5. If the reason to use SOS2 constraints is to express piecewise-linear constraints, AMPL has its own notation for such constraints (involving lists of breakpoints and slopes), and my understanding is that SOS2-savvy solvers such as CPLEX will automatically use SOS2 to implement those constraints. The notation is covered in the AMPL book (chapter 17 maybe -- I don't have a current edition).

If for some reason you want or need to express SOS2 constraints directly, there's an example late in this thread: https://groups.google.com/forum/?fromgroups#!topic/ampl/Mo8F0dvHWms. You have to define two suffixes, sosno and ref, and apply them to the variables in the special ordered sets. The sosno suffix identifies the SOS to which the variable belongs, and if I recall correctly (a big "if" in this case) the sign of the sosno determines the type of SOS (positive -> SOS1, negative -> SOS2). For SOS2, the ref suffix indicates the sequencing of the variables. For SOS1, I believe the ref suffix assigns weights (but, again, my memory is a bit shaky).

6. Dear Paul,

Thank you very much for your quick reply. The info you described above is surely helpful for me to work with SOS2 constraints.

Regards,

Dewan

7. Dear Paul,

Good afternoon.

I have used the concept of "economy of scale" in my project. And its giving optimal results for my project. Before going to defend my project, I am searching a paper or document to proof the optimality of "economy of scale" concept that you discussed above. I will be very much grateful to you, if you provide me the link some papers.

Best regards,

Dewan

8. @Dewan,

I'm not sure exactly what you want, but I think you might find it in the book "Model Building in Mathematically Programming" by H. Paul Williams. I don't know what the current edition is, but in the fourth edition you might want to look in chapter 7. (The index helpfully includes an entry for "economies of scale".)

9. Good morning Paul,

Thank you very much for the information.

I requested you about "proof of global optimality and convergence" of a concave objective function like "economy of scale" function. Currently I am working to piece-wise linear approximate a concave objective function of one variable that contains an abs(sin(X)), i.e., a quadratic concave cost function of one variable along with absolute valve of SIN(X). The "economy of scale" concept that you described above is working fine for my piece-wise linear approximating of a concave objective function with ABS(SIN(X)) after applying the concept of "economy of scale". And I am getting global optimal solution but I don't how I can proof that it gives a global optimal solution. If I defend my model without knowing that reviewers can ask me what the proof of global optimality and convergence of the concave cost function.

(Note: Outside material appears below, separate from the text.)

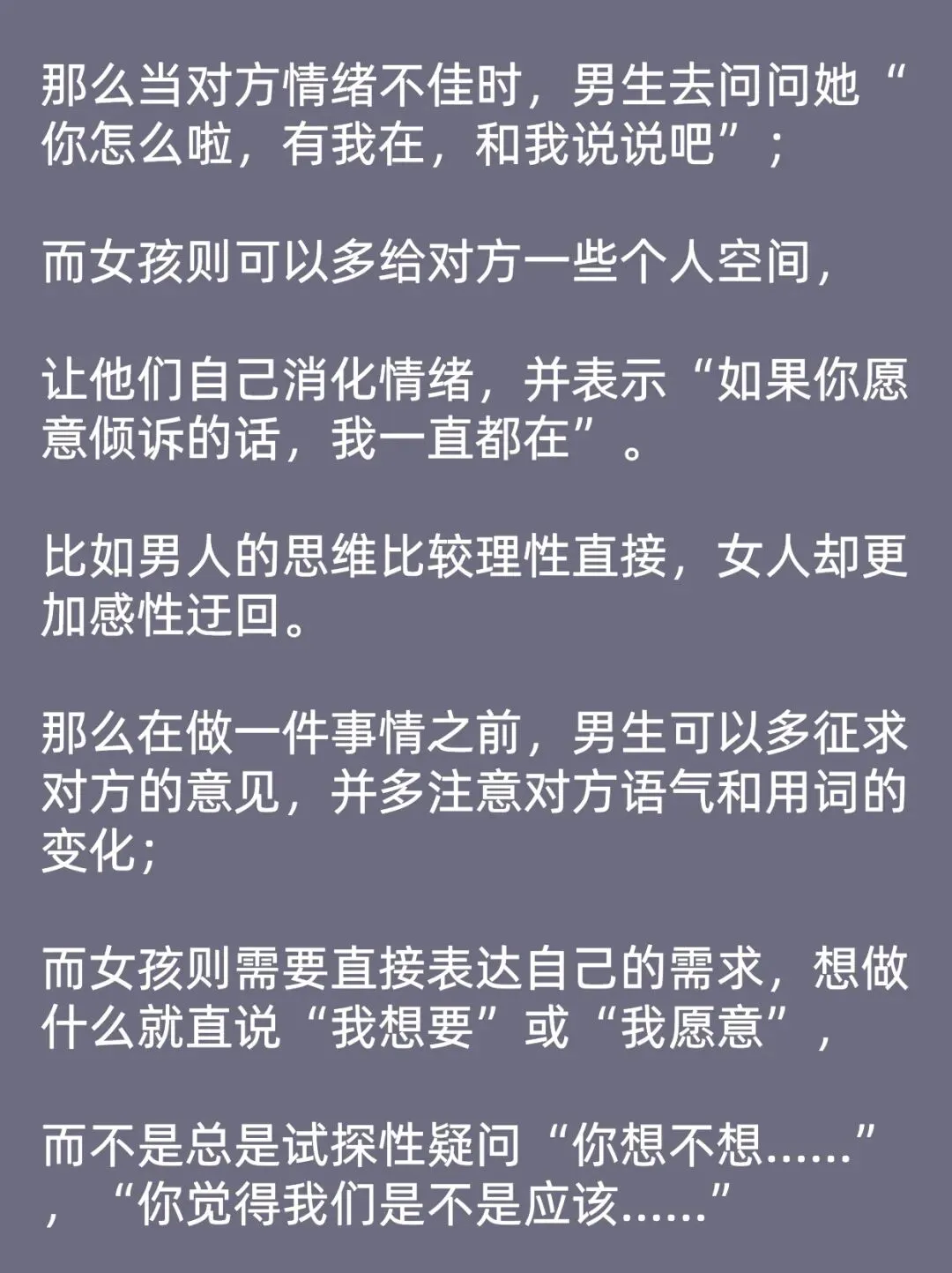 而女孩则需要直接表达自己的需求,想做什么就直说“我想要”或“我愿意”,

I found "proof of global optimality and convergence" of non-convex cost function but I could not find any proof for concave cost function.

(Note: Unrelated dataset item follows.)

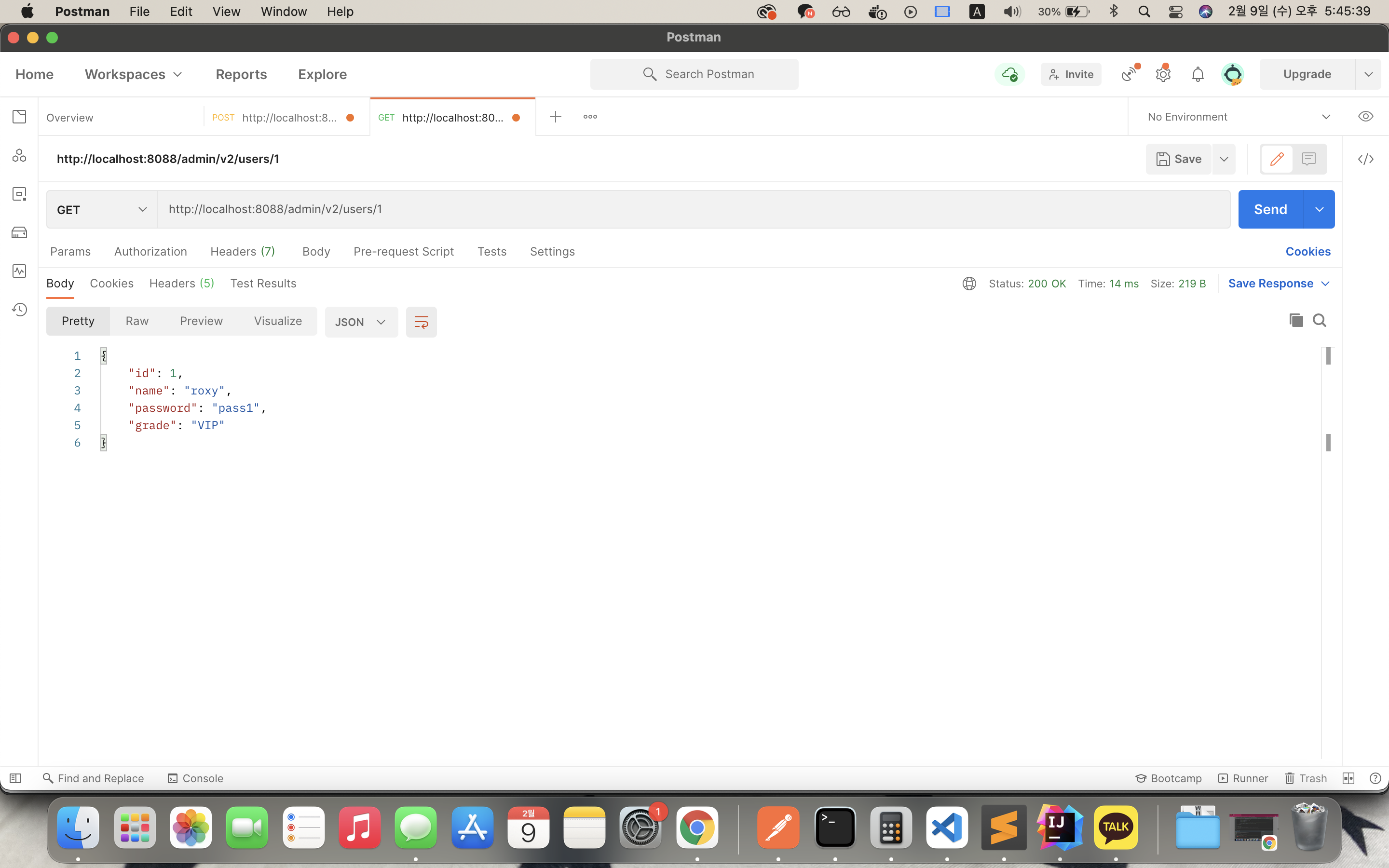- 이 때 User 클래스에 매개변수가 없는 Default 생성자가 없으면 @AllArgsConstructor 어노테이션에서 에러가 발생하므로 User 클래스에 돌아가서 @NoArgsConstructor 어노테이션을 추가해서 Default 생성자 생성

I will read the chapter 7 of the book. Thanks for the info.

Best regards,

Dewan

10. @Dewan: I think there are two issues here: whether the solution to the MILP model is actually a global optimum of the pw-linear approximation; and whether the global optimum of the pw-linear approximation is adequately good as an approximation to the optimum of the original problem. I don't know off-hand a published proof of the first, but that's because it is a rather trivial proof. Suppose that the MILP optimum is not optimal for the pw-linear approximation. Then there exists a solution feasible x* in the pw-linear problem with a strictly superior objective value. Simply select the correct values for the binary variables (i.e., the ones that select the segment containing x*), demonstrate that with those values for the binaries and x = x* you have a feasible solution to the MILP, and assert a contradiction to the optimality of the MILP solution.

As far as the second point goes, if the issue is how close the MILP objective is to optimal, you just need to compute the worst difference between the MILP objective and your original objective. If the issue is how close the MILP solution x* is to the true global solution (say, in Euclidean norm), that's a bit trickier. You could conceivably be on the opposite side of the feasible region from the true optimal x and be quite close in objective value.

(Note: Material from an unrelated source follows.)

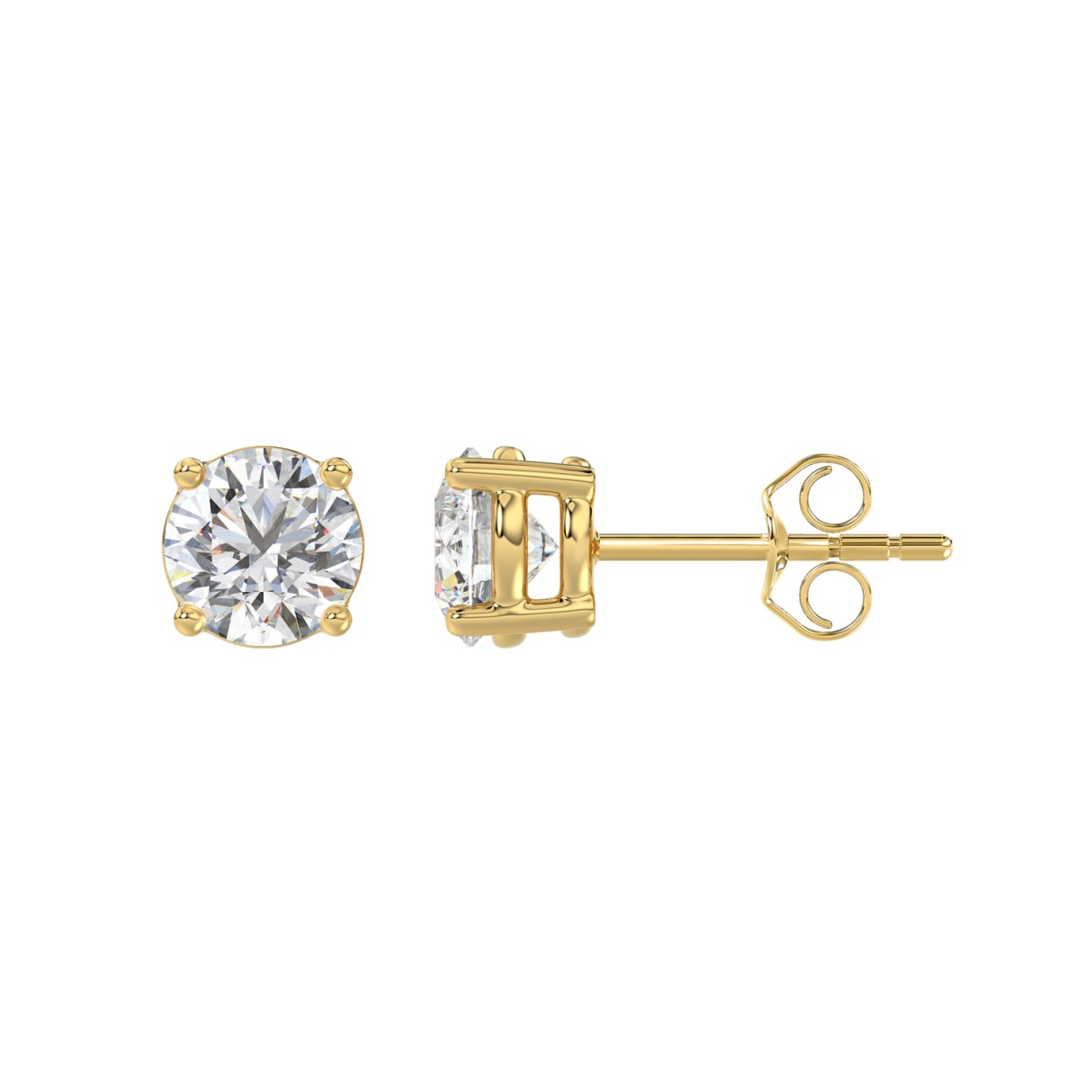 LADIES SOLITAIRE EARRINGS 1 1/3CT ROUND DIAMOND 14K YELLOW GOLD

11. Is there any way to make the following cost function into LMP using AMPL /OPL studio etc.

var distance_travelled[route];

Objective is
minimize totalcost: sum{r in routes} cost[r];

where cost[r] is :-

1000 unit if distance_travelled[r] is 0 to 25km
2000 unit if distance_travelled[r] is 25 to 50km
3500 unit if distance_travelled[r] is 50 to 100km
and 40unit/KM if distance_travelled[r] is more than 100 Km

Thanks
Arun Lila

12. AMPL supports SOS2 declarations, so you can use an approach I just posted elsewhere (http://orinanobworld.blogspot.com/2012/08/step-functions-and-mixed-functions.html). You might also look at the related posts at the bottom of that one, particularly the last one. AMPL also has its own syntax for piecewise-linear objects, which is the equivalent of what I mention in the bottom link.

13. Dear Mr Paul,
Would you please suggest me some software or package like AMPl which will allow me to convert a non linear function into a piece wise linearly approximated function using SOS2. I have already installed GUROBI to solve some simple non linear functions using SOS2, but gurobi is a solver while i need some modelling language which can allow me to convert my nonlinear function into piecewise linear function. Also would you please tell me that how to convert cos(tan inverse of w) into piecewise function using SOS2, your help will be much appreciated .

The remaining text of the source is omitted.